Я пропадал на сьемках и никогда не задумывался, чем занимается в свободное время моя жена. Моник говорила, что она рисует. Я проверил ее мольберты, и действительно нашел несколько новых набросков залива, но за четыре месяца она могла нарисовать гораздо больше. Ее вещи, одежда, косметика, все осталось на своих местах. Словно она только что вышла в магазин или на утреннюю пробежку. И это пугало больше всего. Я каждый день проверял сводки, я звонил периодически во все больницы. Она словно под землю провалилась.
Спустя три недели я проснулся утром и обнаружил ее в кресле в дальнем углу комнаты. Она выглядела жутко. И была явно не в себе. Уже позже, в больнице, куда отвез Моник, по результатам ее анализов выяснилось, что в венах моей жены течет чистый алкоголь и героин. Я не знал, что делать. Как реагировать.

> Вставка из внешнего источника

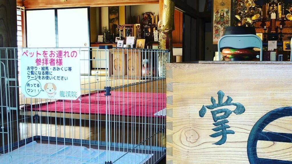 龍渓院では、大切な家族の一員であるペットとともにお参りいただけます。抱っこでの本堂内への同伴も可能で、堂内にケージのご用意もございますので、雨天時でも安心してご祈願やご供養をお受けいただけます。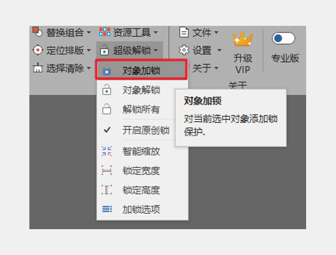 之后,选中之前做好的文本框,开启原创锁,并点击【对象加锁】

Моник пришла в себе через неделю, проведенную под капельницами. Она сказала, что была в Вегасе с другими вольными художниками. Уехала, поддавшись порыву. Творческая личность и все такое. Я не уточнял подробности. Я просто оставил все, как есть. Моник умоляла простить ее, и обещала, что больше подобного не повторится. Я… поверил. Она осталась в клинике еще на неделю, и потом я забрал ее домой. Конечно, отношения изменились. Я требовал объяснить, почему она живет по фальшивым документам. Она упорно молчала. Мы ругались почти каждый день. Потом как-то смирился, пытался понять ее, быть внимательнее и нежнее….
Но через два месяца она снова пропала. И все по кругу. Я нашел ее в больнице с передозировкой. И тогда только Моник призналась, что была замужем, что ее муж и ребенок погибли в автомобильной аварии, что от горя у нее крыша поехала, и она опустилась на самое дно, в полицию загремела. Потом в реабилитационный центр. Хотела начать жизнь с чистого лица. А еще оказалось, что ей двадцать шесть лет, и она три года до свадьбы отучилась в Гарварде. Я был в шоке, но меня переполняло сочувствие. Конечно, я не мог ее бросить. И вот почти четыре месяца мы живем в хрупком согласии. Моник устроилась на работу. Стала говорить о детях, а я… я не хочу детей. Я не уверен, что, вообще, готов прожить с ней еще хотя бы год. Даже секс потерял первоначальную привлекательность. Иногда ей все еще удается всколыхнуть мой интерес, но внутри что-то сломалось безвозвратно после еще первого исчезновения. Я не мог ей доверять, и это сложно исправить.
Мои старания и ответственность, к которой все призывали, привели только к тому, что я понял, что живу не с той женщиной. И мне жутко и страшно, что моя жизнь пройдет вот так… в борьбе с ее тараканами.
Когда Моник неделю назад сказала мне, что ей срочно нужно ехать в Руан, оформлять наследство от дальней родственницы, я вздохнул с облегчением. Я уже знал, что вылечу раньше, мне нужен был повод и удобный момент.